_Given material_
________________________

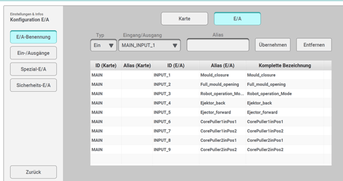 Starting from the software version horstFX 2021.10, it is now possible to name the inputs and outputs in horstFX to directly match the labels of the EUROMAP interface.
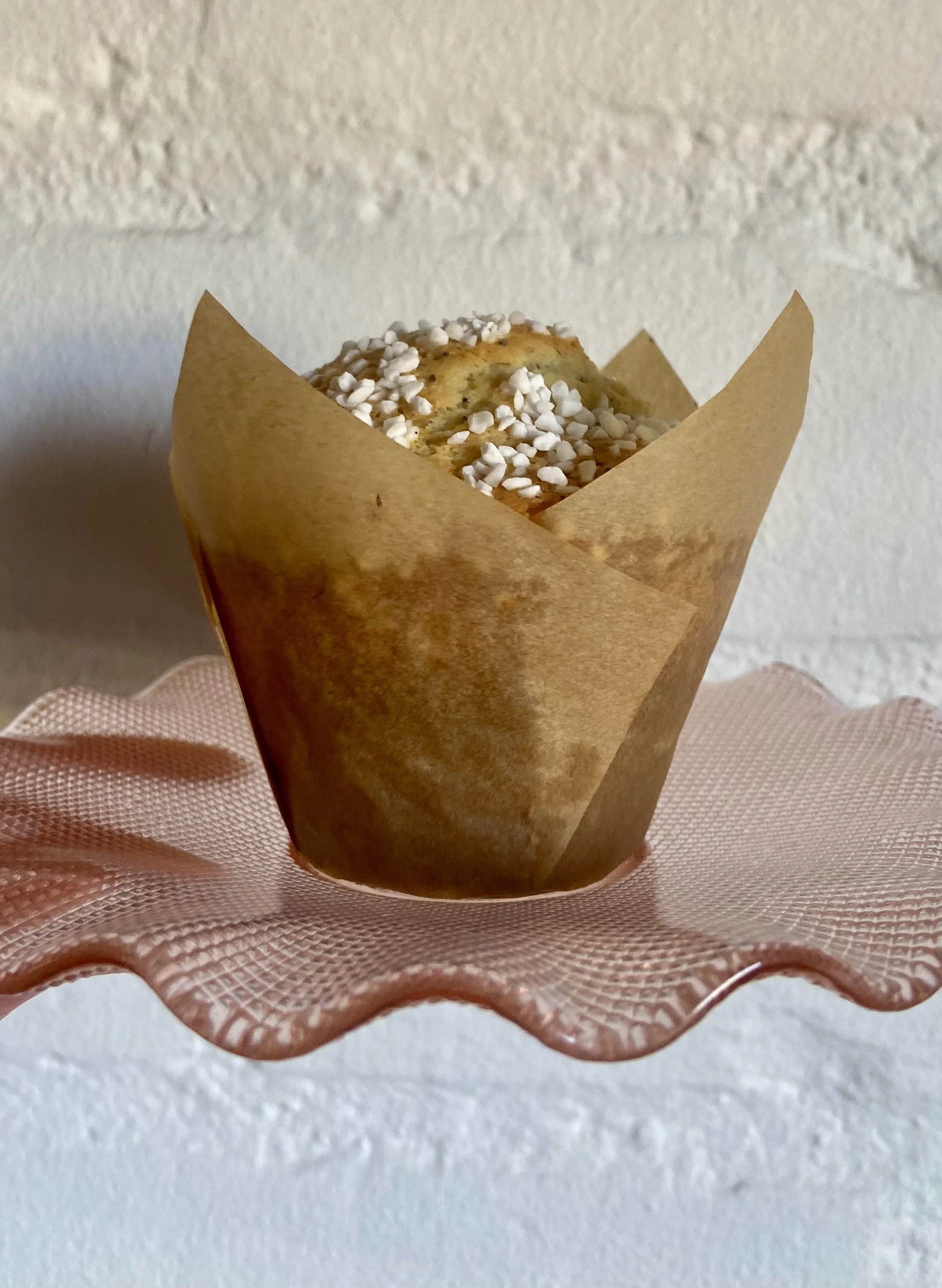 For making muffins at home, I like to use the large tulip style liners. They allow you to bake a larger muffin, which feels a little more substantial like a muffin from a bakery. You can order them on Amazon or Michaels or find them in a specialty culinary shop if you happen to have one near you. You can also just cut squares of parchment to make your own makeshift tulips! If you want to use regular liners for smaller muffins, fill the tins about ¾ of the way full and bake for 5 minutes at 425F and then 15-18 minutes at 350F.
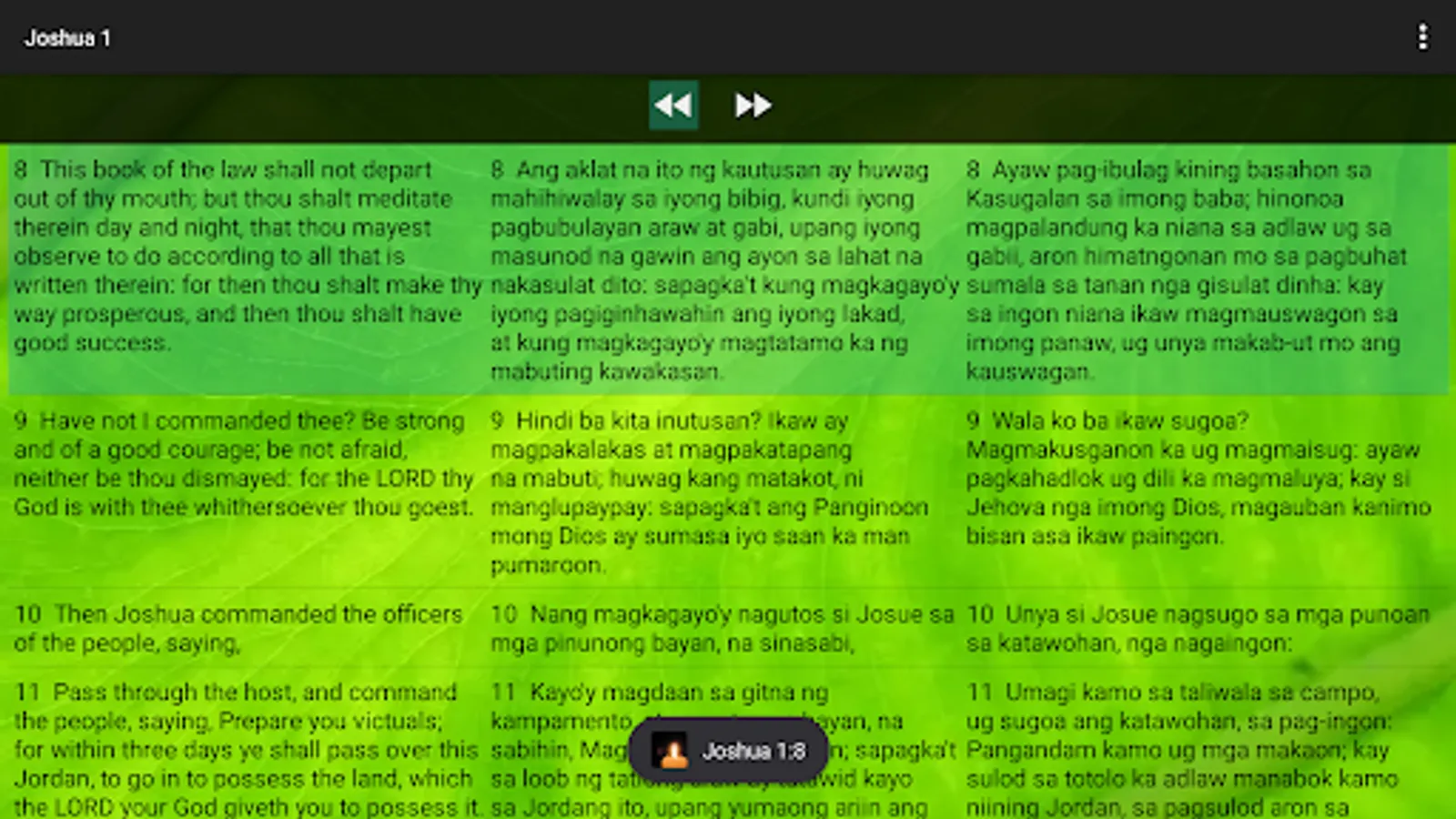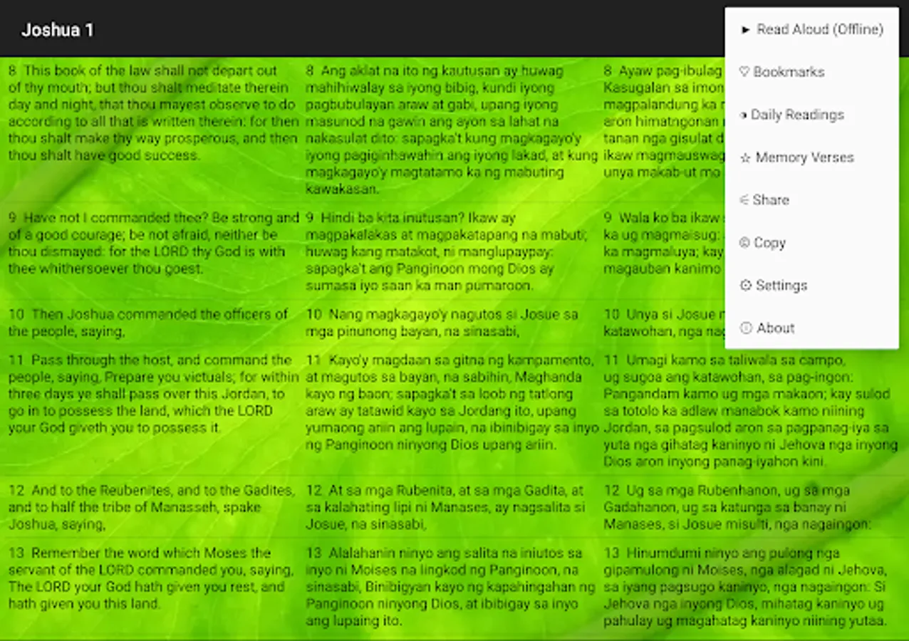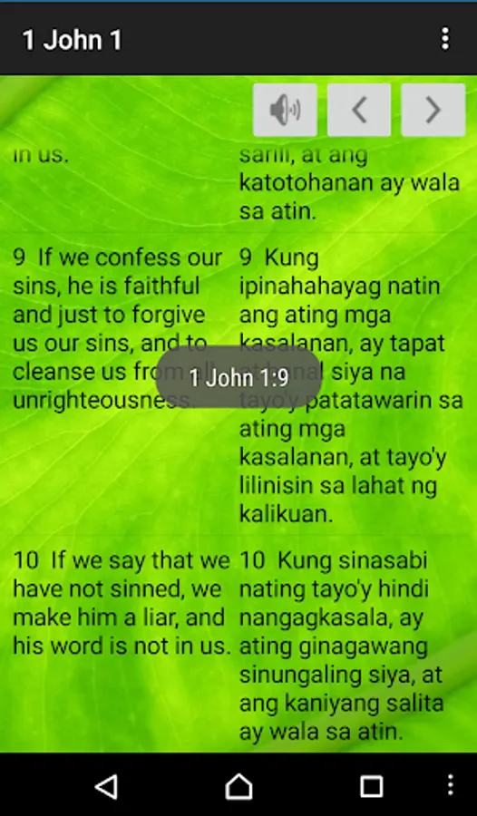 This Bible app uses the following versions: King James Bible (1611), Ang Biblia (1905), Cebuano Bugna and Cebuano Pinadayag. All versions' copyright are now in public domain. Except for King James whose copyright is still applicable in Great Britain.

________________________

_What you need to do_
When copying, output the data exactly and leave out the pictures.

_Solution_
 Starting from the software version horstFX 2021.10, it is now possible to name the inputs and outputs in horstFX to directly match the labels of the EUROMAP interface.
 For making muffins at home, I like to use the large tulip style liners. They allow you to bake a larger muffin, which feels a little more substantial like a muffin from a bakery. You can order them on Amazon or Michaels or find them in a specialty culinary shop if you happen to have one near you. You can also just cut squares of parchment to make your own makeshift tulips! If you want to use regular liners for smaller muffins, fill the tins about ¾ of the way full and bake for 5 minutes at 425F and then 15-18 minutes at 350F.
 This Bible app uses the following versions: King James Bible (1611), Ang Biblia (1905), Cebuano Bugna and Cebuano Pinadayag. All versions' copyright are now in public domain. Except for King James whose copyright is still applicable in Great Britain.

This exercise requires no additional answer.